__INFORMATION SUPPLIED__
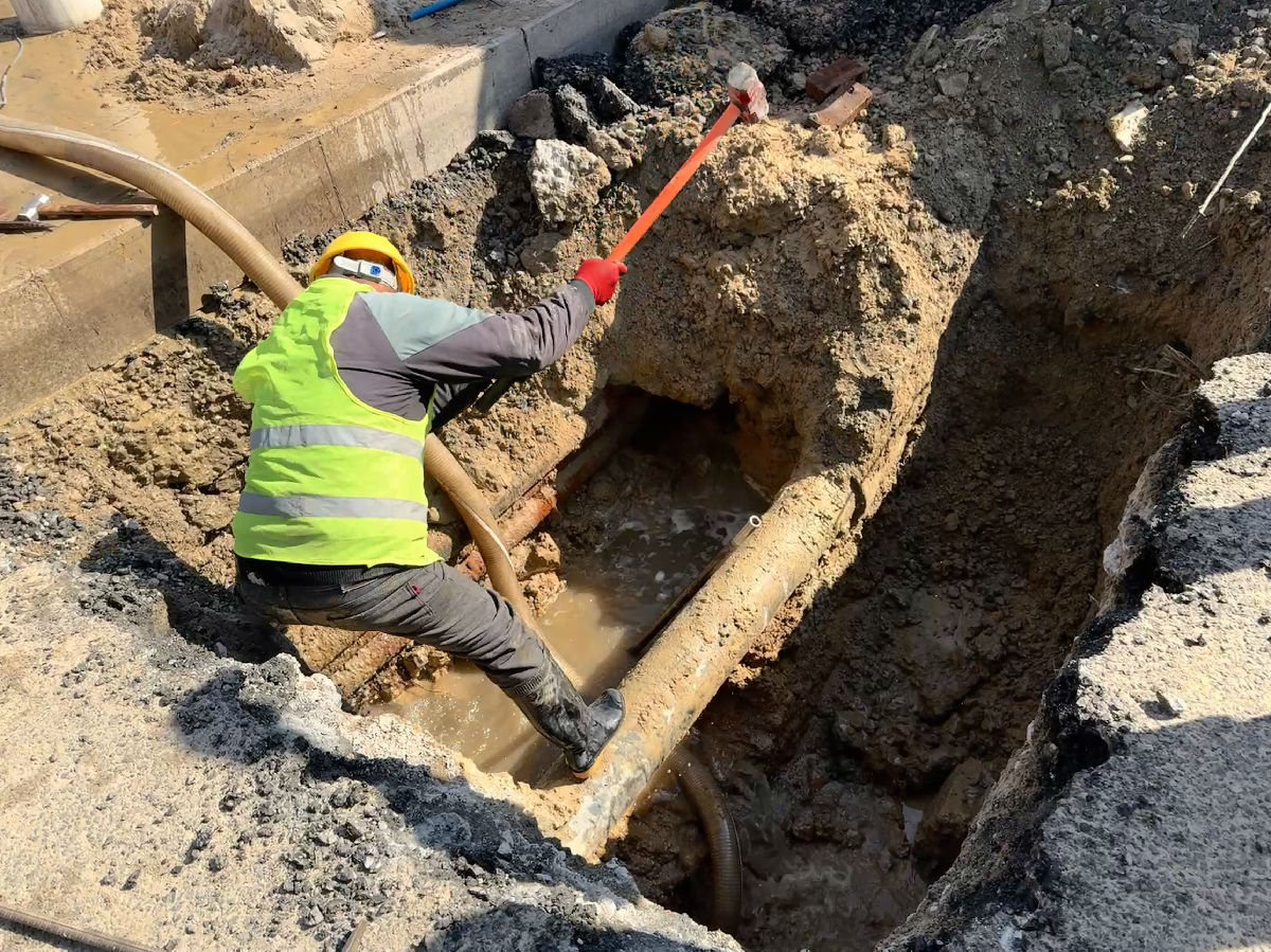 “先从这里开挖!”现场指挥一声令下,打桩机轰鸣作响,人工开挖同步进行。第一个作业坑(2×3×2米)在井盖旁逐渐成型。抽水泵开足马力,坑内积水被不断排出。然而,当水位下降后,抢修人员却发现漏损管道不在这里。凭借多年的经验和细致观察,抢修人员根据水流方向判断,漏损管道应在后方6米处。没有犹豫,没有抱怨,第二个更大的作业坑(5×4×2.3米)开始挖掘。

* * *

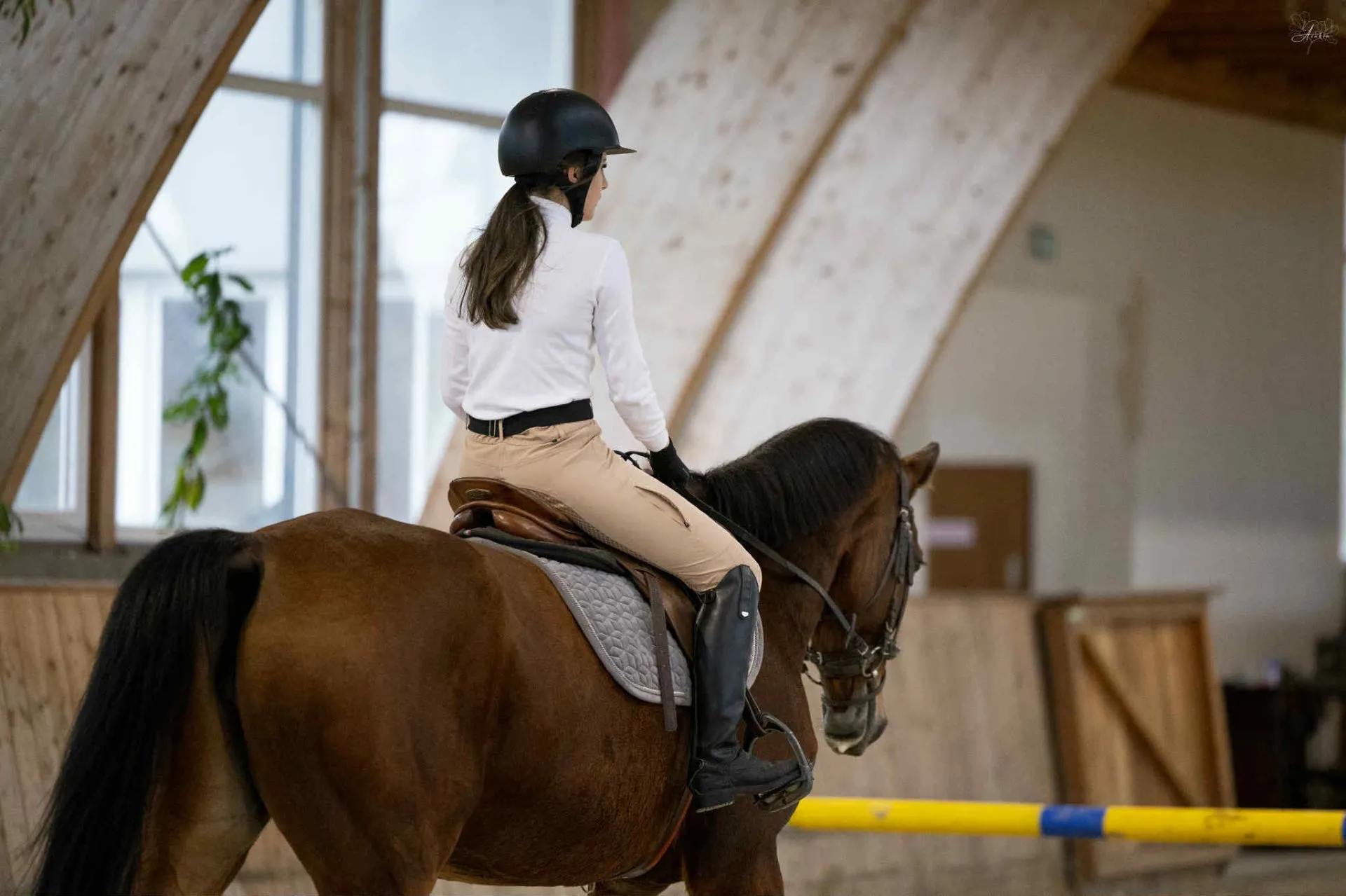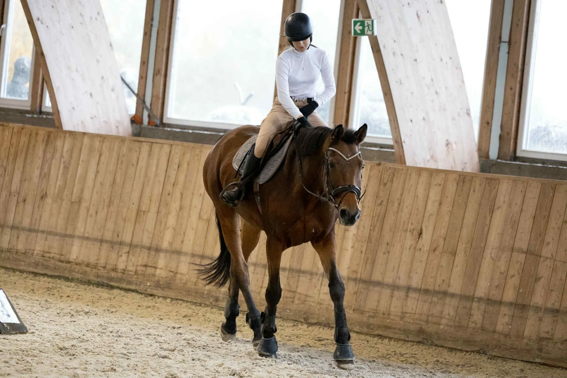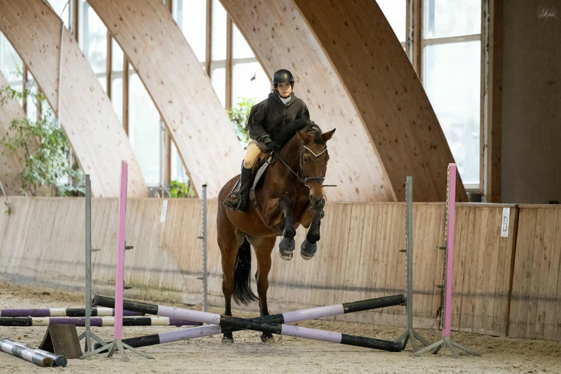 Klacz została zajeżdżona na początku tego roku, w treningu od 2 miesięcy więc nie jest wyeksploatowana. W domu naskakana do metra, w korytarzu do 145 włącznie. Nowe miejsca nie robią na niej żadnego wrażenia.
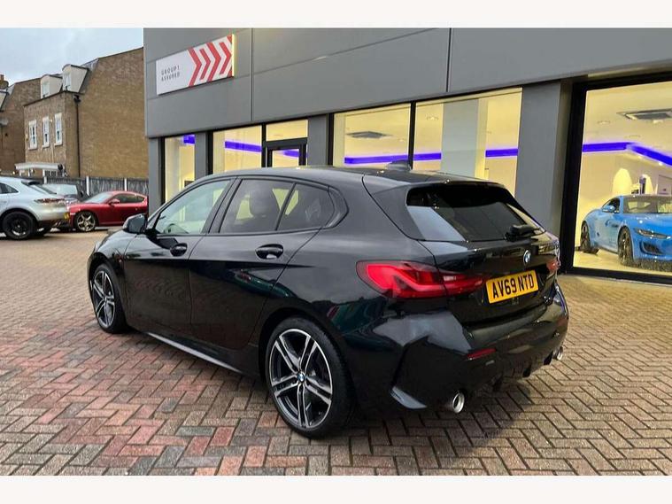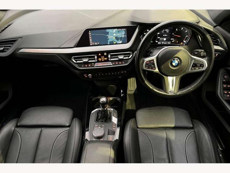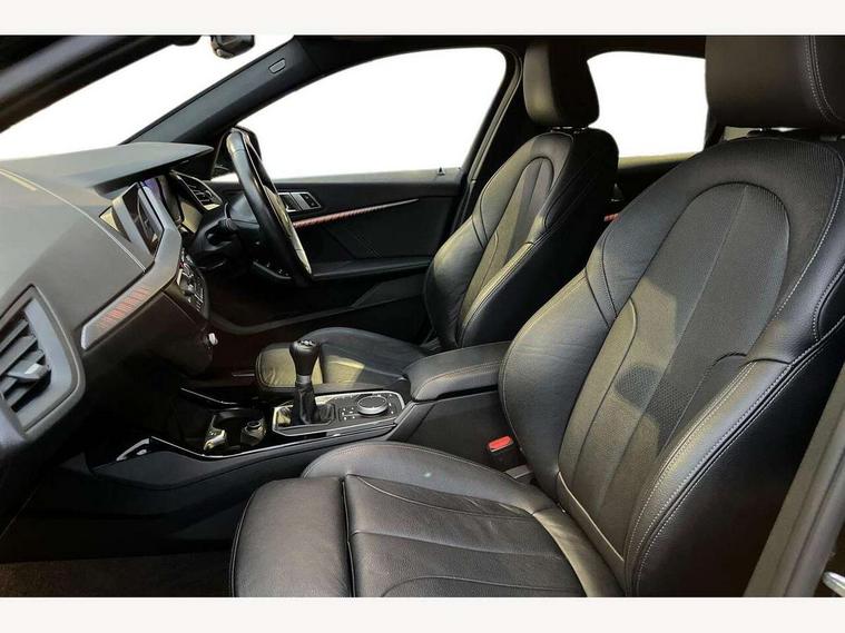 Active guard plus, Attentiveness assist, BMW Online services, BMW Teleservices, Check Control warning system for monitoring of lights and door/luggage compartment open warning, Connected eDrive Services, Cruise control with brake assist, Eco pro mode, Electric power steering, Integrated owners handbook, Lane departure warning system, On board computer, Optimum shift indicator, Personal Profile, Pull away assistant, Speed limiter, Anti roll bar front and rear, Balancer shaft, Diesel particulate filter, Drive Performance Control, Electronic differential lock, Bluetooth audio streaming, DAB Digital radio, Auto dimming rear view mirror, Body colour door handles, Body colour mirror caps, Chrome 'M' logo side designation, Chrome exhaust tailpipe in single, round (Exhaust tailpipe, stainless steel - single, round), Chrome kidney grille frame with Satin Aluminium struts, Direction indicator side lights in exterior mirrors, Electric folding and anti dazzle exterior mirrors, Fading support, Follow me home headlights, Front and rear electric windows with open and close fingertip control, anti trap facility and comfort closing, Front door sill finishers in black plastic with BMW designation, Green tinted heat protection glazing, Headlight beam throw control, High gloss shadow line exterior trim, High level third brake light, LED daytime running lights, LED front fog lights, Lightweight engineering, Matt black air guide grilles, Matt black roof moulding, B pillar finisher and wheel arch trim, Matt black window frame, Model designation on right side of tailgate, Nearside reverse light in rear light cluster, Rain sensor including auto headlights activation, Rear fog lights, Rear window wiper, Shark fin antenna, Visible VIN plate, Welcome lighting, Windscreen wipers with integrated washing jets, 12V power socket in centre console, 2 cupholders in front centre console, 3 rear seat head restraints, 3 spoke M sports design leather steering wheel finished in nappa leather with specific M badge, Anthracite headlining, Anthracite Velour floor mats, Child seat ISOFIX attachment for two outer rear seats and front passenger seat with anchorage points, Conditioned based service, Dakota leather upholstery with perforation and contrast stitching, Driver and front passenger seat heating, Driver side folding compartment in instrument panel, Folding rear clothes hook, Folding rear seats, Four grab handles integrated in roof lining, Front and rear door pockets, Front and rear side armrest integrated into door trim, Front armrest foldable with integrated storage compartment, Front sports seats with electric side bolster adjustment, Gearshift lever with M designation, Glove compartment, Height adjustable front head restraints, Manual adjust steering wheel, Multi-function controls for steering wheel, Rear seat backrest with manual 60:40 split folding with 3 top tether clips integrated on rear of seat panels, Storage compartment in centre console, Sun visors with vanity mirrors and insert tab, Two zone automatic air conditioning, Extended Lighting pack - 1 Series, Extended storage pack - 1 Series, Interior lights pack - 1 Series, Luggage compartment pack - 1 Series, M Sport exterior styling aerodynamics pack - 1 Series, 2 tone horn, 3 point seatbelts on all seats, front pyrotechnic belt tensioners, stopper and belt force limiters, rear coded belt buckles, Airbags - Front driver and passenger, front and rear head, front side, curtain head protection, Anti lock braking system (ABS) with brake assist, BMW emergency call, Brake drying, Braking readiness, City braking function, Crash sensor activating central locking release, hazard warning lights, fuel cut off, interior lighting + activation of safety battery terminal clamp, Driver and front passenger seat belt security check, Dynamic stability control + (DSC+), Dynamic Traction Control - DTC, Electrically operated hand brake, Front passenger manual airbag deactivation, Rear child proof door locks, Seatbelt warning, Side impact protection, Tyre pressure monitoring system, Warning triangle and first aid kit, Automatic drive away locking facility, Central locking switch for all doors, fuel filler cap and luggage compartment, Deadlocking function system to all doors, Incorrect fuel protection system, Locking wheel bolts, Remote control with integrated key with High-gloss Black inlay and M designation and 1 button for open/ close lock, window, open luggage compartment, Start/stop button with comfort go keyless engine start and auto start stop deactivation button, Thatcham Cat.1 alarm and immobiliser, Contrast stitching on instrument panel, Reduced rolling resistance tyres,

---

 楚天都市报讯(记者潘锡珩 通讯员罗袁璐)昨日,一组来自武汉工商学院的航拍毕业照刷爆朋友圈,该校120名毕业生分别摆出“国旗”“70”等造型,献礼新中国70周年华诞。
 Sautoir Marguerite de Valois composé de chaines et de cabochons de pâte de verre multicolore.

__YOUR TASK__
Please copy, exactly and with nothing else, the lines above beginning at the line that has "楚天都市报讯(记者潘锡珩 通" and ending with the line that has "Sautoir Marguerite de".

__ANSWER BOX__
 楚天都市报讯(记者潘锡珩 通讯员罗袁璐)昨日,一组来自武汉工商学院的航拍毕业照刷爆朋友圈,该校120名毕业生分别摆出“国旗”“70”等造型,献礼新中国70周年华诞。
 Sautoir Marguerite de Valois composé de chaines et de cabochons de pâte de verre multicolore.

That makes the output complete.